Philip K. Dick is a well known and prolific SF author who is probably best known for inspiring a ton of very loosely based movie adaptations (Blade Runner, Total Recall (both versions), Screamers, Minority Report, Paycheck, A Scanner Darkly, The Adjustment Bureau, among others), while his own work remaining relatively obscure to the general audience ("but I've read them" doesn't count). 

Philip K. Dick's Electric Dreams is a new Amazon-exclusive series based on the rest of his short stories. Has some recognizable faces in it, too. From what I gathered the episodes are standalone (they had better be). 

​

Will it be a faithful adaptation, or will they stick Dick's musings into a blender and sprinkle the results lightly over a standard crime/drama plot, remains to be seen. 

Dick.


----------



## T-hug (Oct 15, 2017)

I've seen the first 2 a couple of weeks ago and it's ok, bit weird but worth a watch if you like sci-fi.
You can watch them now on http://www.channel4.com/programmes/electric-dreams but might need a proxy if outside UK.
Think the last one airs tonight here.


----------



## The Catboy (Oct 15, 2017)

Dickbaited again


----------



## Veho (Oct 15, 2017)

Lilith Valentine said:


> Dickbaited again


I dangle it in front of you and then yank it away.


----------



## The Catboy (Oct 15, 2017)

Veho said:


> I dangle it in front of you and then yank it away.


I liked and unliked this post just so I could like it for a second time.

On topic, I've never seen this show, but I do know someone with Amazon Prime who I will most lightly watch it at some time because it does look interesting


----------



## spotanjo3 (Oct 15, 2017)

Interesting but I will pass. Not my things, thought.


----------



## FAST6191 (Oct 15, 2017)

Caught a promo for this when passing a TV a few days back. Sort of thing I would really have to be in the mood for -- somehow classic sci fi does not age as poorly as classic fantasy but it is a tricky thing for me.



Veho said:


> I dangle it in front of you and then yank it away.


Were you on the same train as me the other day?


----------



## JMPesce (Oct 17, 2017)

It's basically Black Mirror then? But is it as good, is the question.


----------



## CaptainSodaPop (Oct 17, 2017)

Definetely going to check out this, whether it's good or bad. When it comes to books, Philip K. Dick is one of the rare authors that I can truly enjoy reading.

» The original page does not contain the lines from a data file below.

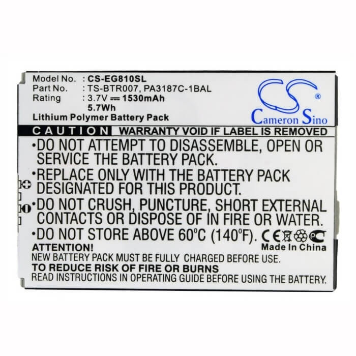 Unlock uninterrupted performance with the Cameron Sino CS-EG810SL replacement battery, designed specifically for Toshiba SmartPhone. This high-quality 1530mAh / 5.66Wh Li-Polymer battery delivers a reliable 3.7V voltage with an energy rating of 5.66Wh, ensuring your device operates at peak efficiency throughout extended sessions. Whatever you are doing this battery provides the power and reliability you need.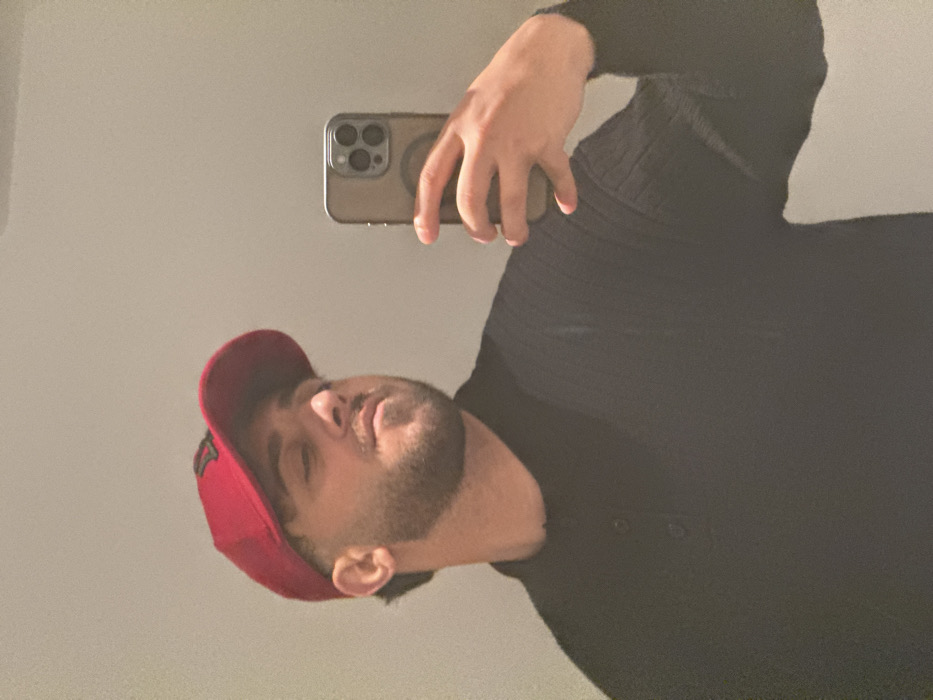 A person wearing a red baseball cap and a dark long-sleeved shirt is taking a selfie. The phone, held in the person's right hand, is positioned in front of their face. The person has a beard and appears to be indoors, with a light wall visible behind them. The image is rotated counter-clockwise.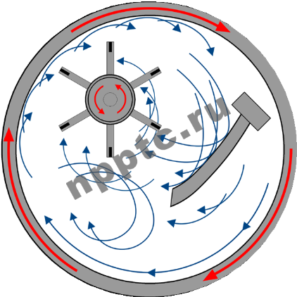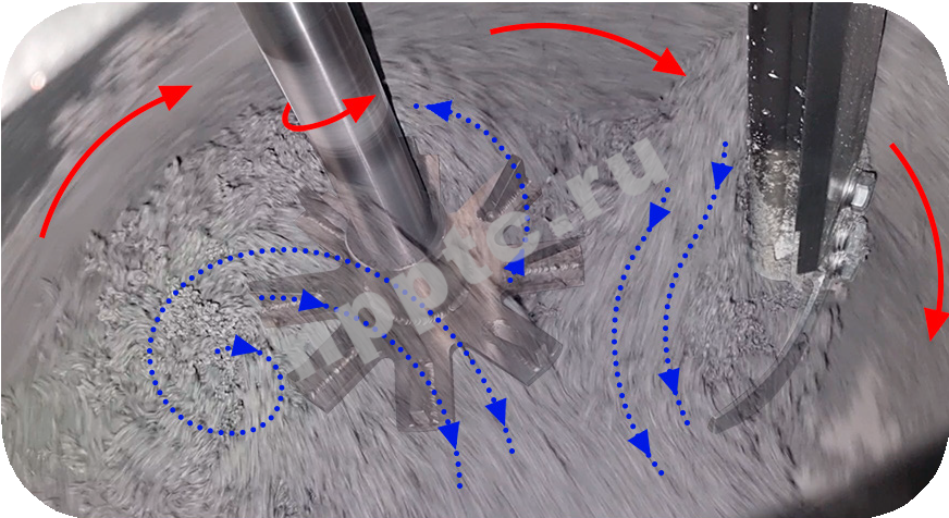 - Благодаря подобранным параметрам движения смешивающих устройств и смесительной емкости, обеспечивается интенсивное смешивание и сдвиг обрабатываемого состава. Разнонаправленное движение смеси по всему объему перемешиваемого состава исключает образование застойных зон.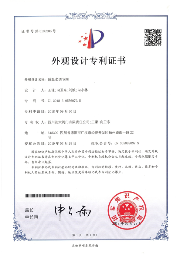 減溫水調(diào)節(jié)閥 ZL 2018 3 0556079.5-資質(zhì)榮譽(yù)--四川道默濱大閥門有限公司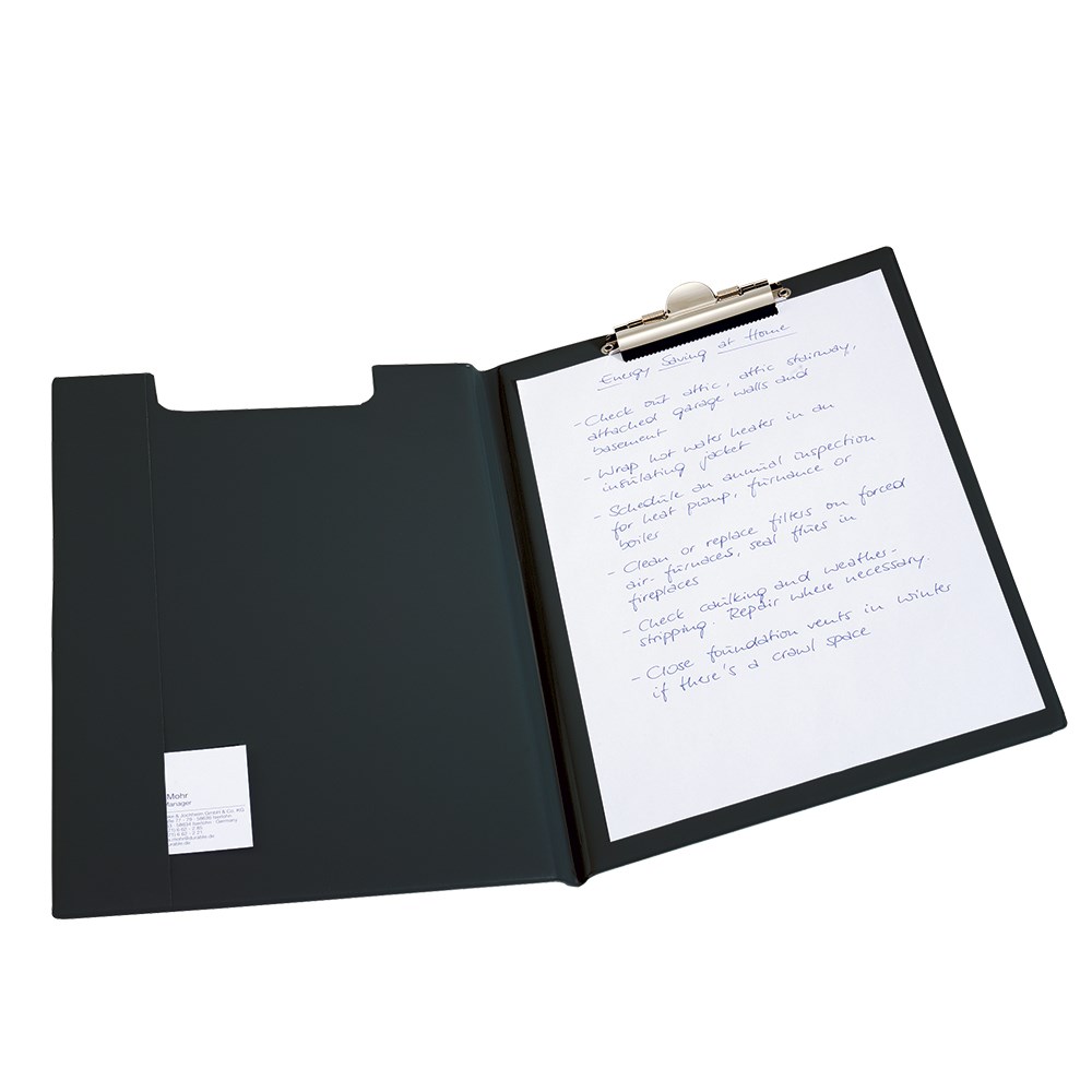 Mapa od pojačanog mekog polivinila s kvačicom. Na prednjoj unutarnjoj strani vertikalni džep za umetanje bilješki, poruka, posjetnica i slično.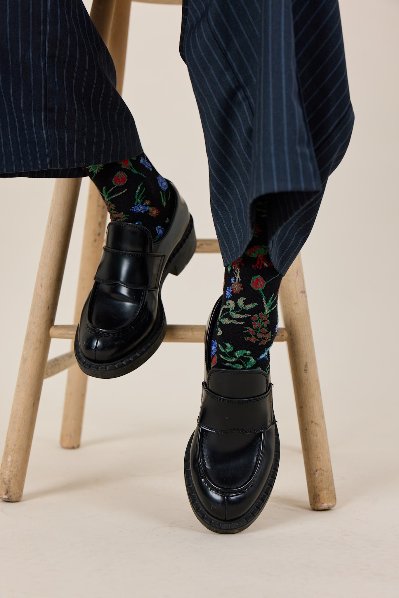 Strømper med blomster motiv i en blød Økotex certificeret bomuldskvalitet.

And still didn't see the new Blade Runner.


----------



## Zhongtiao1 (Oct 17, 2017)

I really enjoyed Amazon's adaptation of the man in the high castle, but this is a bit too weird for me.


----------



## air2004 (Oct 17, 2017)

Howard Stern says this is Coctober so your post title is legit


----------



## Deleted User (Oct 17, 2017)

I thought this was gonna be some more spam or something. I'm let down.


----------